It's a storyline about political intrigue and corruption, of ghosts and paranoia, and the arc I present here is one that starts in a political rally and ends right in the Batcave itself. Even from the issues here, I can already tell this this was a sprawling tale compared to the tightness of Englehart's Strange Apparitions, from which it cribs extensively to the point of plagiarism at times, as you might be able to tell right away:






But for all that, it's still an intriguing Batman epic, one which has been lost in the shuffle of fan memory between O'Neill/Adams and Miller. If any of you have read the whole run, do chime in and let me know how it stands in your memory. And for those who haven't, let's take a look at subplot which most concerns the theme of these posts...





Note: these scans are from Batman #346, 354, 355, 356, and Detective Comics #510, 513, 518, and 520.







Batman's feeling about Hill show you right away that even the World's Greatest Detective can be damn wrong sometimes. Not to spoil you right away, but it's an interesting reminder of how human and fallible he used to be.
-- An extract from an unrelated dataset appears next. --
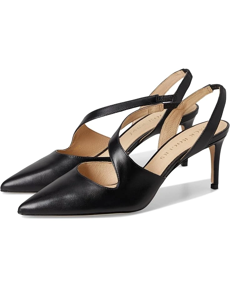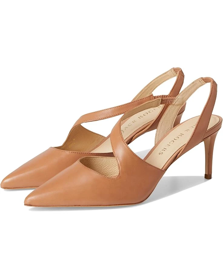 - Walk with attitude wearing the bold, and statement making Jack Rogers® Ansley Pump. Crafted from leather upper, lining, and insole, this pair of sandals features pointed toe, double ankle strap detailing, stiletto heel, and brand detailing on the footbed.

What grabs his attention is the last panel a store owner calling for help as a robber makes off with the cash, taking advantage of the rally's noise to slip away unnoticed. When Batman swings in and wallops the robber, reporters mistakenly assume he's breaking up the rally, and even question if that sniveling weasel Reeves is right!
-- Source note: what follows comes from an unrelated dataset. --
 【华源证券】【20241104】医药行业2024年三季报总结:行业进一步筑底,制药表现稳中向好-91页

Indeed, Reeves does make another mistake, and loses the election to Hill, who immediately carries out his campaign promise:





I wish I had the issue where Peter Pauling was introduced, so that we could have the appropriate "GASP!" reaction, but we can surmise that this is bad news all around.
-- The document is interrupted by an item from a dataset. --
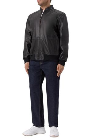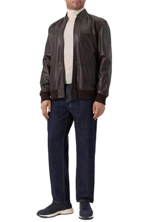 Брюки со стрелками и защипами под поясом с широкими шлевками для ремня дополнили отворотами на манжетах и четырьмя карманами. Укороченную модель в полоску сшили из костюмной ткани, сотканной из шерсти первого пострига.

So, Rupert Thorne is back after his mental breakdown at the end of Strange Apparitions! He seems to be in tip top shape too, able to maneuver his way back into Gotham's political world, now more powerful than before! With Gordon out and Pauling in place, things look even more grim for Gotham once Batman went missing for a week (later revealed to have been kidnapped by Two-Face and his one-time HenchGirlfriend).

Hill should be pleased, but tensions continue to mount:








Ha-ha, he's back! Or is he?

Remember, they were never clear about the nature of the Hughost in Strange Apparitions, which is probably part of that story's enduring appeal. The best explanation we could get was that the ghost was indeed real, since Batman fleetingly saw it in passing.

Plus, don't forget, Rupert Thorne actually saw the dead body of Hugo Strange in the first place. Y'know, back when he killed Strange.

Among the many subplots in this year-long story is Vicki Vale's, who gathers evidence that Bruce Wayne is Batman. However, this evidence finds its way into Rupert Thorne's hands. And so, in another move that directly recalls Strange Apparitions, he hires a certain professional for the job:








Unfortunately for Vicki and Thorne's theories at that particular moment, the Bruce Wayne Deadshot's after is, in fact, the Human Target in disguise as Bruce Wayne! He was hired at the behest of Alfred while Batman recovered from a nasty case of vampirism.

I was actually hoping to find scans of that, if only for the part where Vamp!Batman lunges at Alfred and says that he has "terrible urges... urges I can't control!" Classic "Context For The Weak" panel if ever I saw one.

So when Batman and Bruce Wayne are seen in the same room together fighting Deadshot, that pretty much kills Vicki's theory and Thorne's "proof." But he's a tough guy. He's not worried about reprisals from Deadshot. He's never been afraid of Batman. When you're Rupert Thorne, Boss of Gotham, what is there to worry about?














In frantic desperation, Thorne spills the entire story to Dr. Thirteen, every criminal detail, except for insisting that Strange's death was entirely an accident. Thirteen smells the bullshit, but can't resist a good ghost story to debunk.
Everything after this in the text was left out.